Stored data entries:
──────

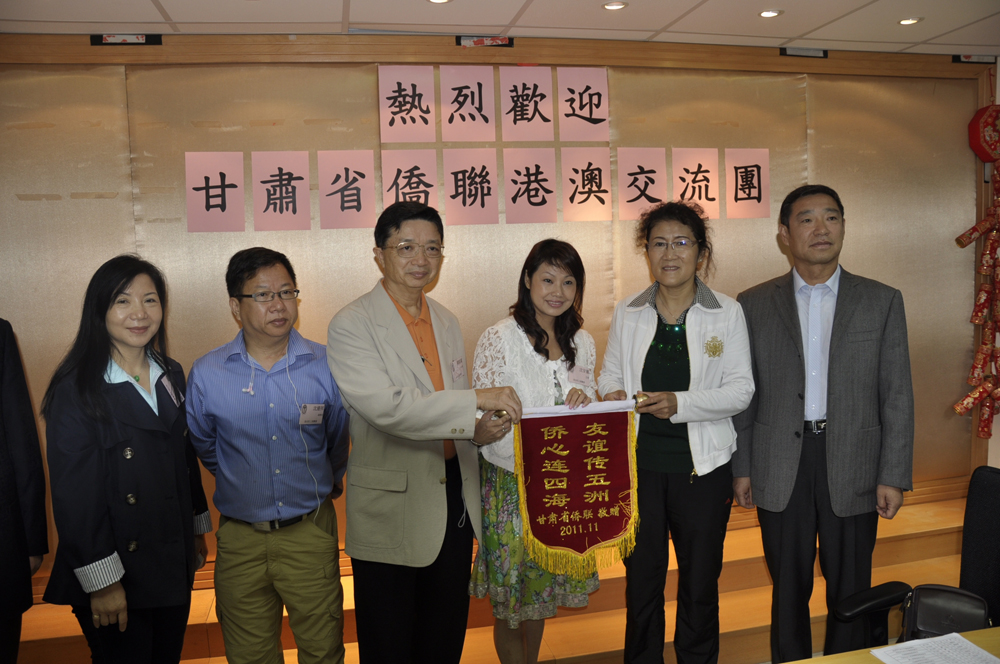 省侨联办公室主任芦小燕代表省侨联向香港油尖旺工商联会沈安仪主席赠送锦旗
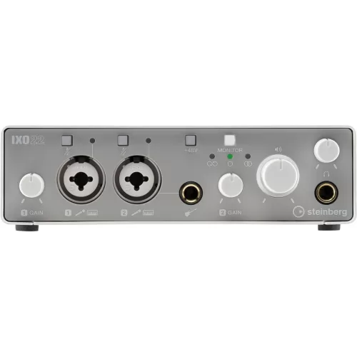 Interfaz de Audio Steinberg IXO 22 White – USB 2.0 de 24 bits/192 kHz con USB-C. Dos entradas combinadas, una entrada Hi-Z y dos salidas de línea TRS. Dos preamplificadores de micrófono Clase A con alimentación de +48 V. Salida de auriculares con control de volumen individual. Monitoreo directo sin latencia de la señal de entrada. Función loopback para transmisión en vivo por Internet. Compatibilidad multiplataforma con Windows, macOS, iPad y iPhone. Alimentación por USB para grabaciones móviles con Mac y PC, toma USB-C adicional para fuente de alimentación cuando se usa con iPad o iPhone. Carcasa metálica compacta y liviana. Incluye Cubase AI DAW para Mac y PC y la aplicación Cubasis LE para iOS
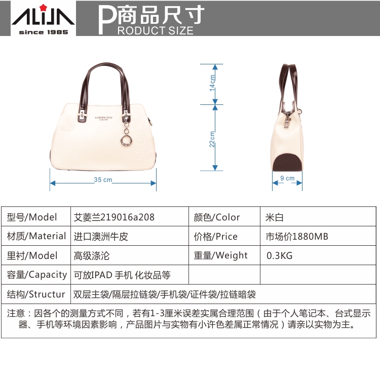箱包尺寸: 寬35*高22*側面寬9cm
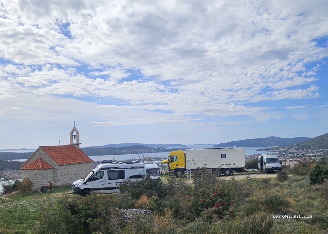 Incroyable vue sur Trogir, l'île de Ciovo et Split au loin, emplacement pour quelques voitures/vans/camping-cars (3 places environ) au calme à côté d'une église. Le sentier pour y accéder est accidenté mais se fait bien en véhicule. Rencontre d'un couple de français en prime. Lieu propre et apaisant, merci de maintenir ce lieu comme vous le trouverez !
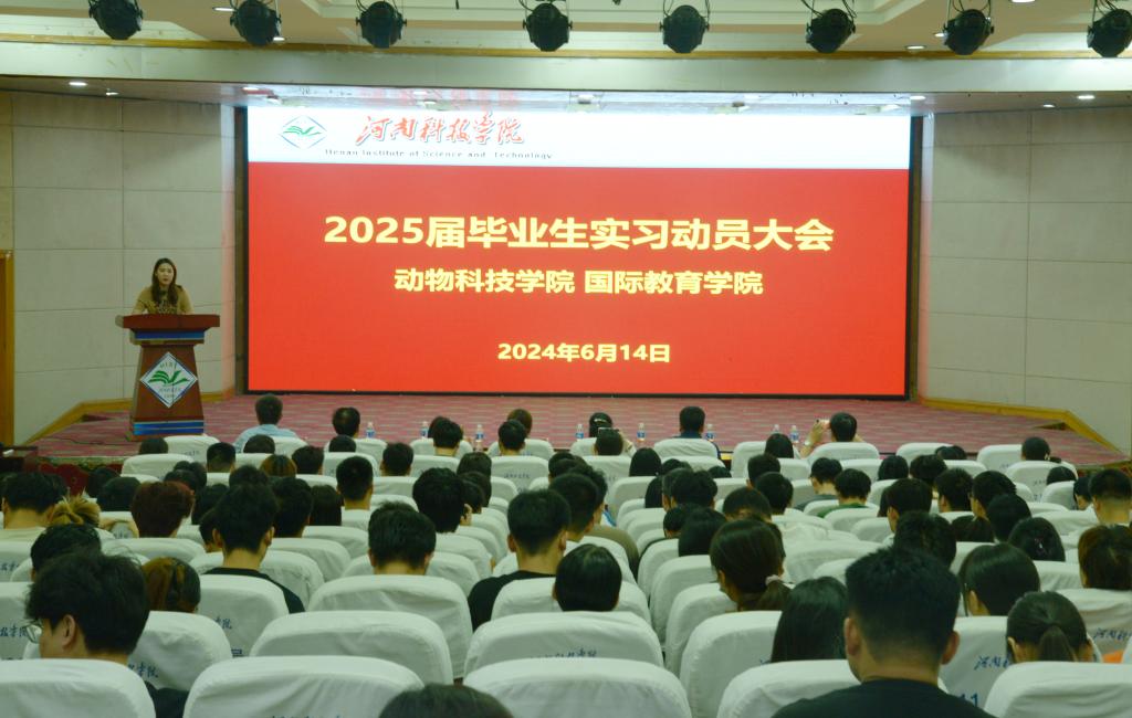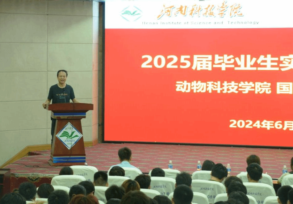 于图教201召开2025届毕业生实习动员大会,学院党委书记胡付广、副院长王磊、国际教育学院副院长沈军、团委辅导员及学生代表等300余人参加会议,牧原、温氏、瑞派和普特威4家优秀实习单位受邀参加,大会由团委副书记赵迁主持。

──────

» Required work
All of the records above must be copied exactly, except for the pictures.

» Result for this task
 省侨联办公室主任芦小燕代表省侨联向香港油尖旺工商联会沈安仪主席赠送锦旗
 Interfaz de Audio Steinberg IXO 22 White – USB 2.0 de 24 bits/192 kHz con USB-C. Dos entradas combinadas, una entrada Hi-Z y dos salidas de línea TRS. Dos preamplificadores de micrófono Clase A con alimentación de +48 V. Salida de auriculares con control de volumen individual. Monitoreo directo sin latencia de la señal de entrada. Función loopback para transmisión en vivo por Internet. Compatibilidad multiplataforma con Windows, macOS, iPad y iPhone. Alimentación por USB para grabaciones móviles con Mac y PC, toma USB-C adicional para fuente de alimentación cuando se usa con iPad o iPhone. Carcasa metálica compacta y liviana. Incluye Cubase AI DAW para Mac y PC y la aplicación Cubasis LE para iOS
箱包尺寸: 寬35*高22*側面寬9cm
 Incroyable vue sur Trogir, l'île de Ciovo et Split au loin, emplacement pour quelques voitures/vans/camping-cars (3 places environ) au calme à côté d'une église. Le sentier pour y accéder est accidenté mais se fait bien en véhicule. Rencontre d'un couple de français en prime. Lieu propre et apaisant, merci de maintenir ce lieu comme vous le trouverez !
 于图教201召开2025届毕业生实习动员大会,学院党委书记胡付广、副院长王磊、国际教育学院副院长沈军、团委辅导员及学生代表等300余人参加会议,牧原、温氏、瑞派和普特威4家优秀实习单位受邀参加,大会由团委副书记赵迁主持。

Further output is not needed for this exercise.